# Canon 350D Drivers



## running_with_scissors (Oct 4, 2009)

Does anyone know where I can find the MAC drivers for the Canon 350D?


----------



## DennyCrane (Oct 4, 2009)

Canon EOS Digital Rebel Xt

Select OS, choose OS X


----------



## running_with_scissors (Oct 4, 2009)

DennyCrane said:


> Canon EOS Digital Rebel Xt
> 
> Select OS, choose OS X



Then what? Everything listed there is an updater? What do I need to get the photos off my camera? I don't have a card reader so I have transfer straight off the camera.


----------



## Derrel (Oct 5, 2009)

As it states on the Canon page, no driver is needed. Apple operating systems typically do not need add-on drivers for simple things like cameras connected via USB cables. 

Have you actually tried hooking the camera up to a Macintosh using a USB cable?

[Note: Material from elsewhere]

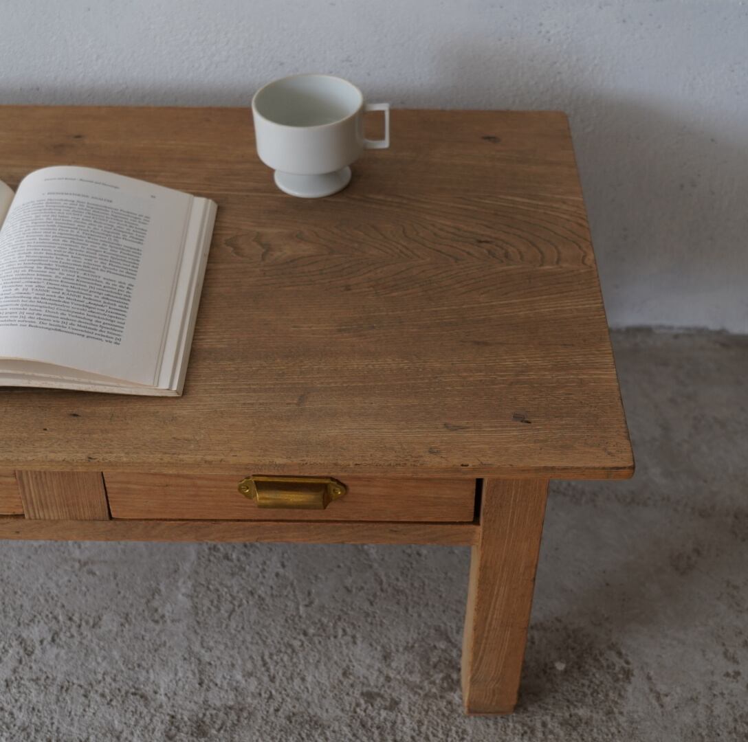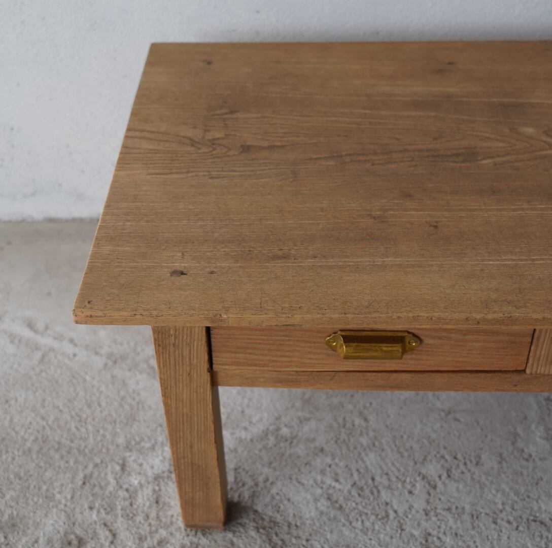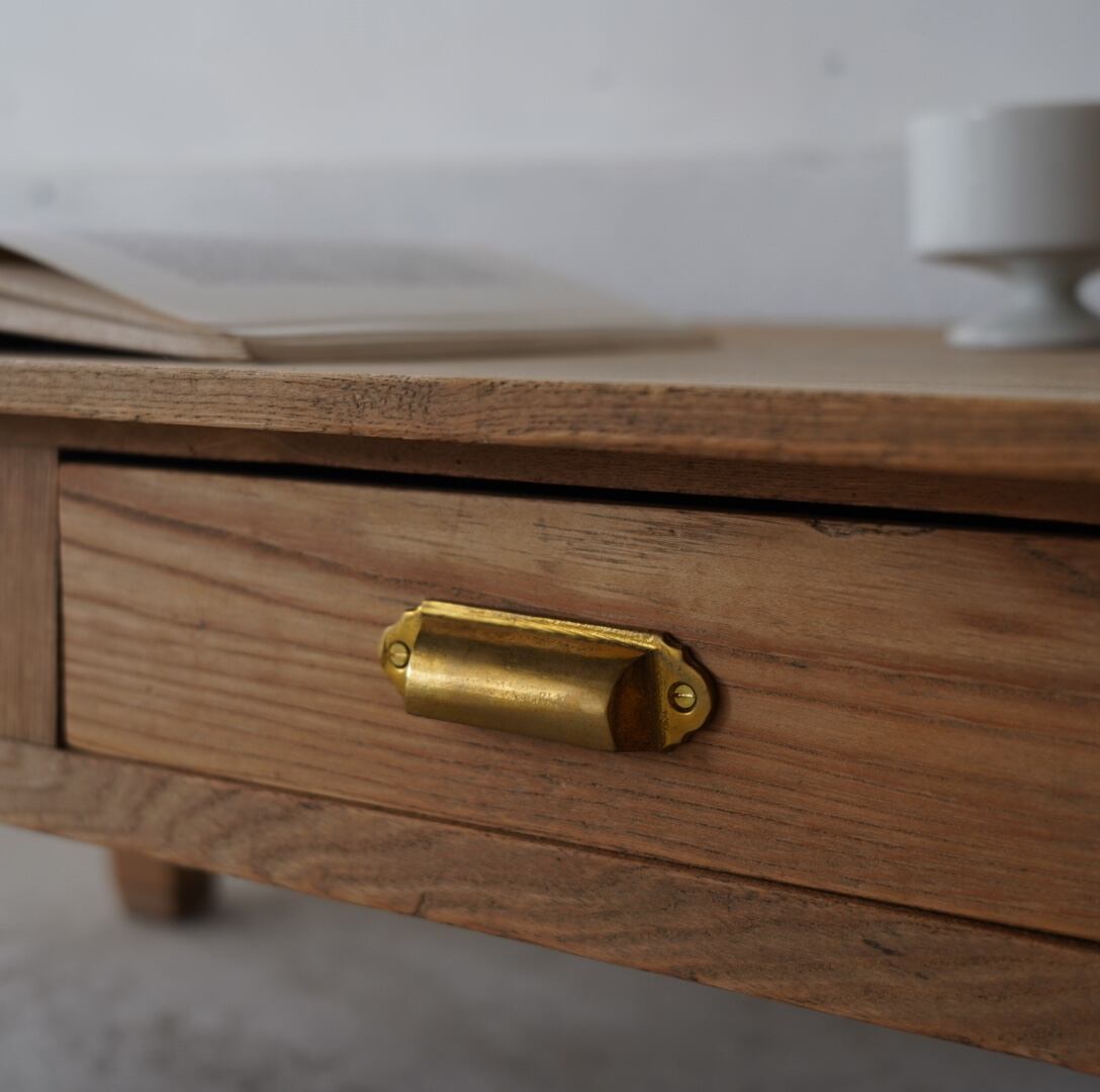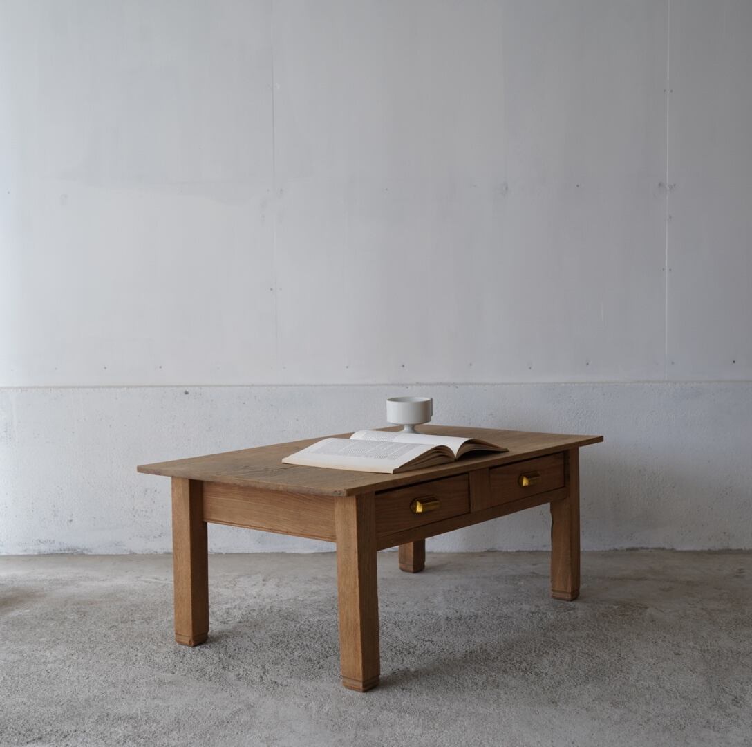 無垢材のナチュラルな木味と真鍮取手の引き出しが魅力的なコーヒーテーブル。

You should be able to do that without loading any additional software, at least according to Canon's very own page.

One thing to note: almost always in a camera's menu system,there is a choice the user makes, in which the decision is to connect the camera for either downloading, or for capturing images and recording those images directly to the hard disk drive of the computer. You want to set that USB mass storage option to "Download" on some cameras. On my little REBEL XT, the correct setting is found under the "Wrench and Hammer 2" set up menu, under "Connection", where the choices are Print/Printer and PC Connection--you'd want to select PC Connection,and then when the camera is turned on, and then hooked up to the Mac, the camera should come up and be recognized immediately on the desktop. Then, simply double-click on the camera's icon to open it, and then go into the folder and drag and drop the files directly to a folder on your Mac's hard drive.


----------



## running_with_scissors (Oct 5, 2009)

Thanks for the reply Darrel. I never did get the camera to show up on the desktop, but it was detected under iPhoto so I just imported using iPhoto. I'm still getting used to the whole Apple thing, but I'm definitely loving it.


----------



## syphlix (Oct 5, 2009)

apple has an "image capture" app also if you decide you don't want iphoto to do it


----------



## running_with_scissors (Oct 5, 2009)

syphlix said:


> apple has an "image capture" app also if you decide you don't want iphoto to do it


Thanks for the help!


----------